How Food Delivery Apps Are Reshaping Mealtime—And Our Habits

Assistant professor Yash Babar shares insights from his latest study

By Clare Becker

March 13, 2026

woman accepts food delivery package at door

Nothing drains the spirit quite like coming home after a long day and having to decide what’s for dinner. The rise of online food delivery apps like Grubhub, Uber Eats and DoorDash seemingly solved that problem overnight, replacing the mental load of meal prep with a city’s worth of restaurants a single click away.

For Yash Babar, this isn’t just about convenience, it’s about behavioral change. The John and Anne Oros Term Professor and an assistant professor of operations and information management at the Wisconsin School of Business is an expert on the sharing economy, examining how digital interventions reshape our daily identities and habits. His research spans everything from electric vehicle charging stations and ride-hailing to digital storefronts.

His latest study examines potential impacts food delivery services may have on our habits and health.

WSB: How did you and your co-authors first realize food delivery might be influencing household routines in meaningful ways?

YB: One of the things that got us interested in all of this is that it’s changing cooking, one of the most fundamental daily activities, right?
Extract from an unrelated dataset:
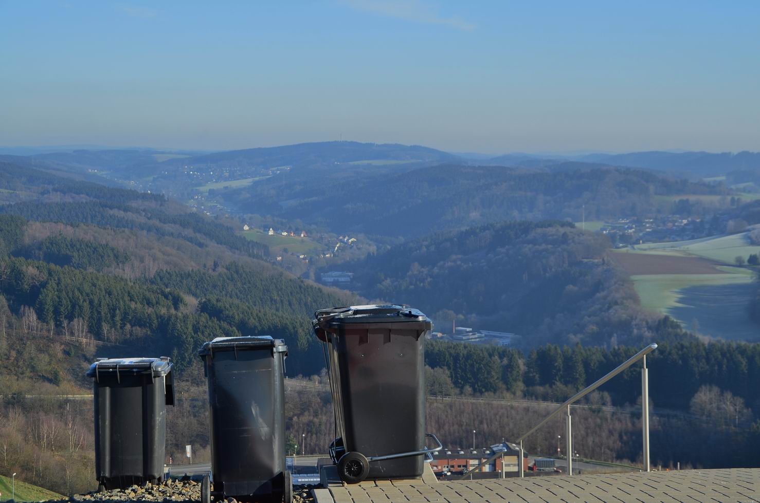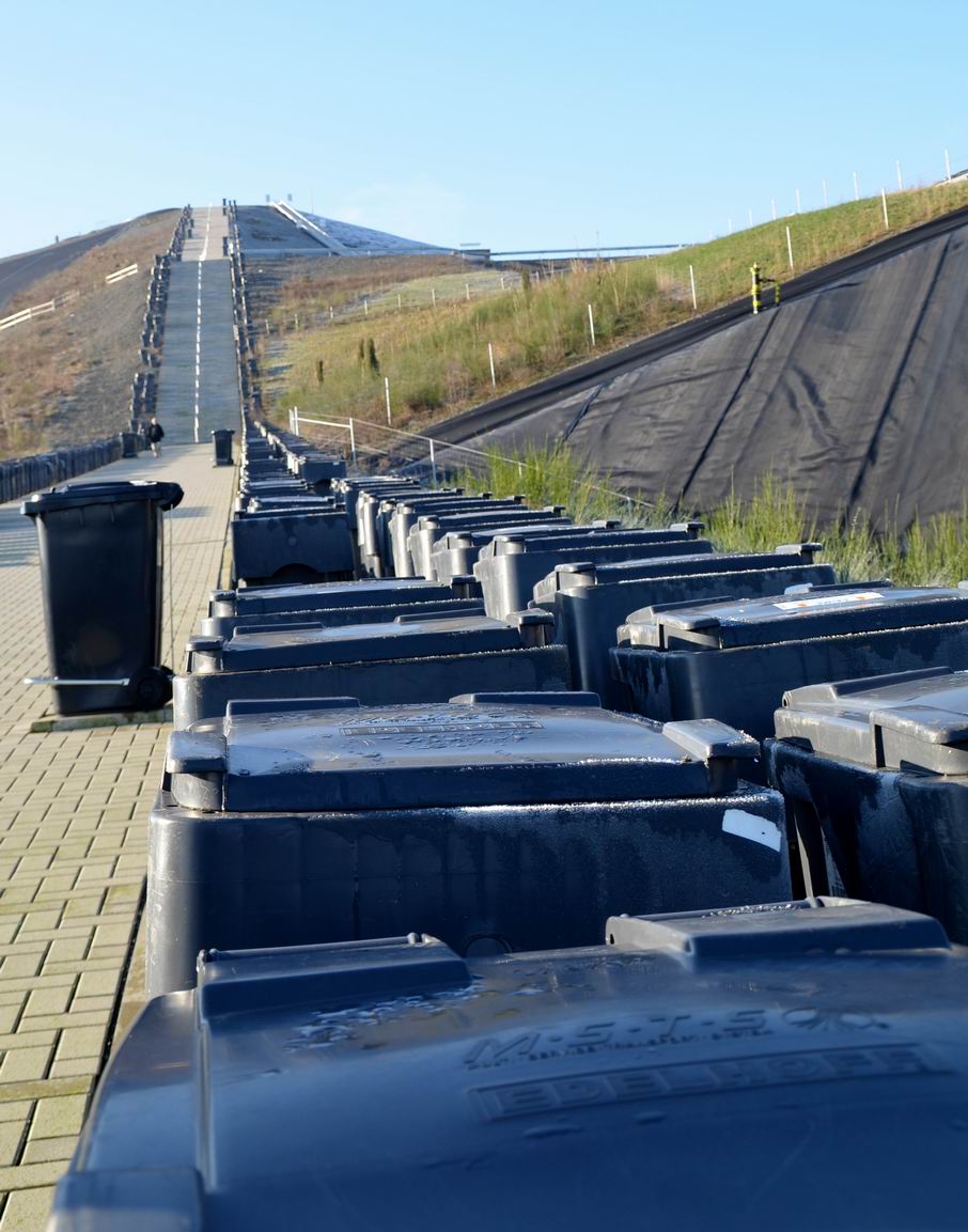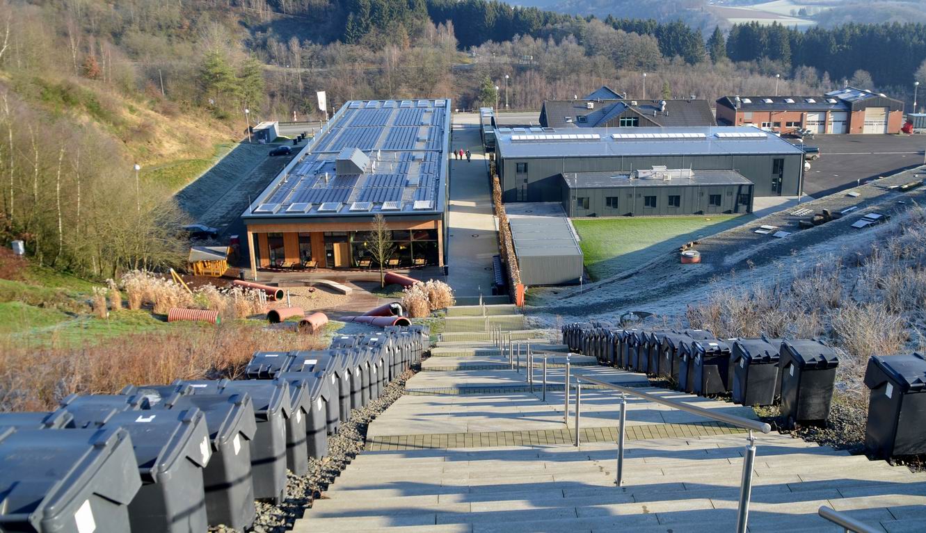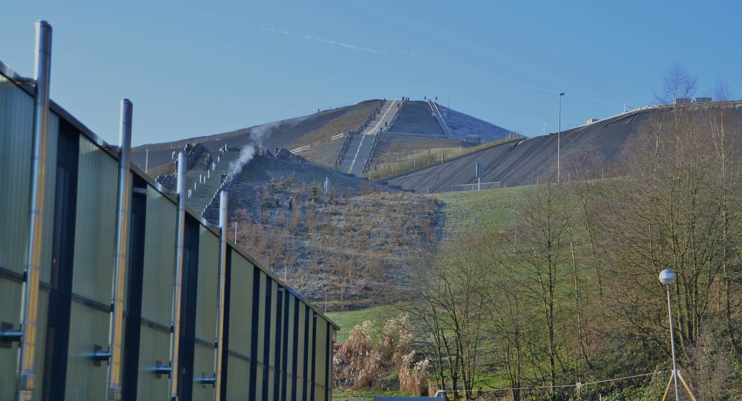 Denn hier hat man auf der ehemaligen Leppedeponie nicht nur das Bergische Energie – Kompetenzzentrum gebaut, sondern über Jahre einen riesigen Müllberg geschaffen, der immer mehr Besucher anzieht. Über mehr als 350 Stufen, ca. 400 Meter Fußweg und dann noch über einen steilen Weg gilt es den „Berg“ zu erklimmen. Oben angekommen wird man in über 350 Meter Höhe nicht nur mit einer tollen Rundumsicht verwöhnt, wenn man will, kann man dabei sogar Trampolin springen, gemütlich sitzen oder aber den halben Berg auf einer Rutsche wieder ins Tal hinunter rutschen.

Sure, Uber could impact commuting, but not many people are taking an Uber every day. Like everything else that we look at, digital platforms have changed how we get food and groceries, yet these kinds of platforms are still relatively understudied. There are a lot of studies on online food delivery, but the focus has been on what happens at the restaurant end—does it help the restaurant survive, what kinds of restaurants see change, etc.—but not too many people were talking about what’s happening at the consumer end.

That’s when we started digging into this, because especially when it comes to food, you abstract a lot of this decision-making online. How do these choices affect your health? It was a byproduct of these decisions that we started thinking about, particularly if and how it might impact cooking.
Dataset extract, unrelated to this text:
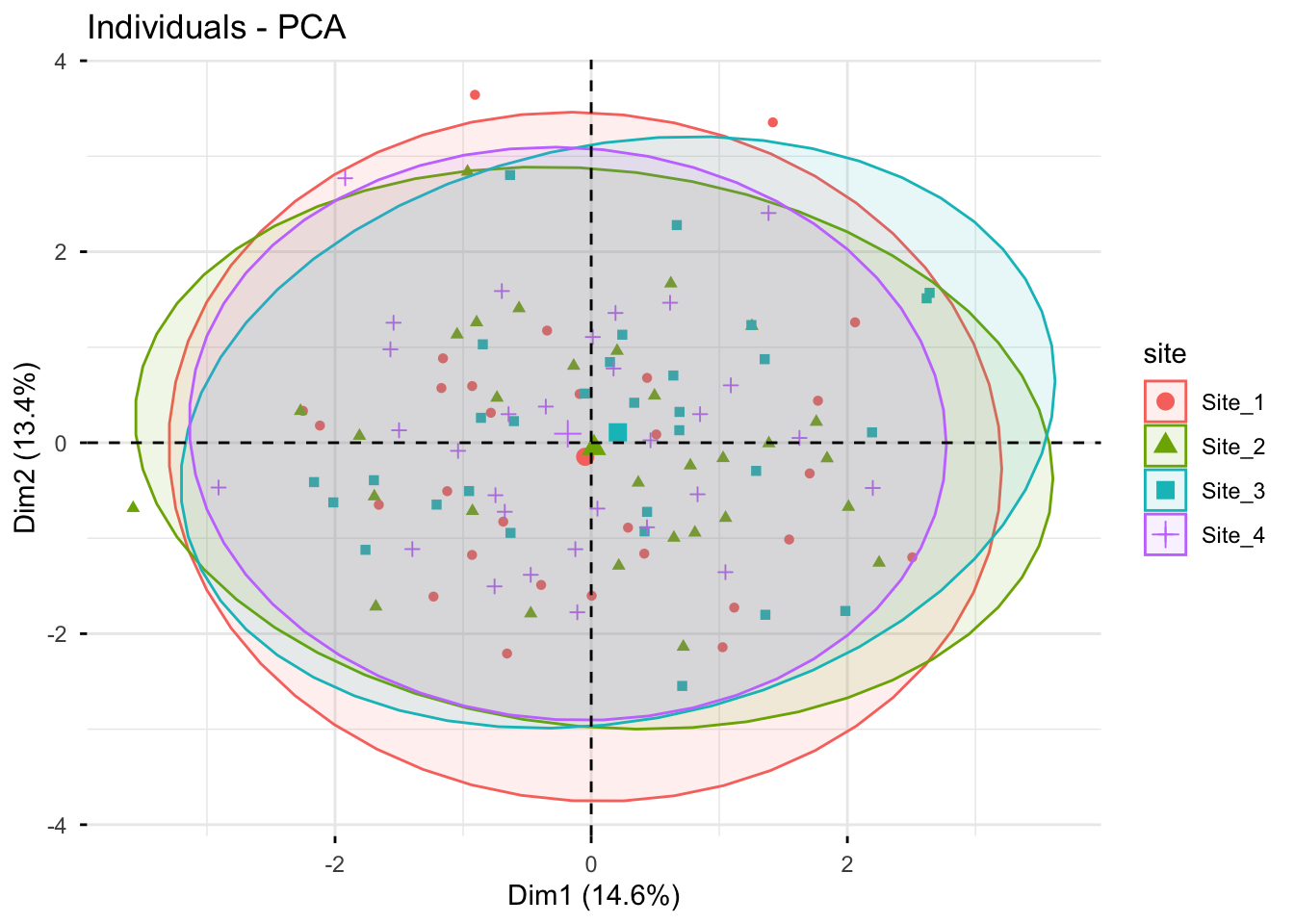 habillage = "site", # coloring individuals by "site" can help reveal group patterns

WSB: Your findings point to some population-level health effects. What did you observe about the connection between delivery use and health outcomes?

YB: When we talk about cooking at home versus getting takeout, you’re talking about more than one meal. While you may replace one act of cooking, you’re technically replacing multiple meals in consumption as one takeout order might last you between one-and-a-half to two meals. Healthwise, that has implications: Instead of one unhealthy meal, you may have more since we also tend to order a little more than we otherwise would have to make the delivery worthwhile.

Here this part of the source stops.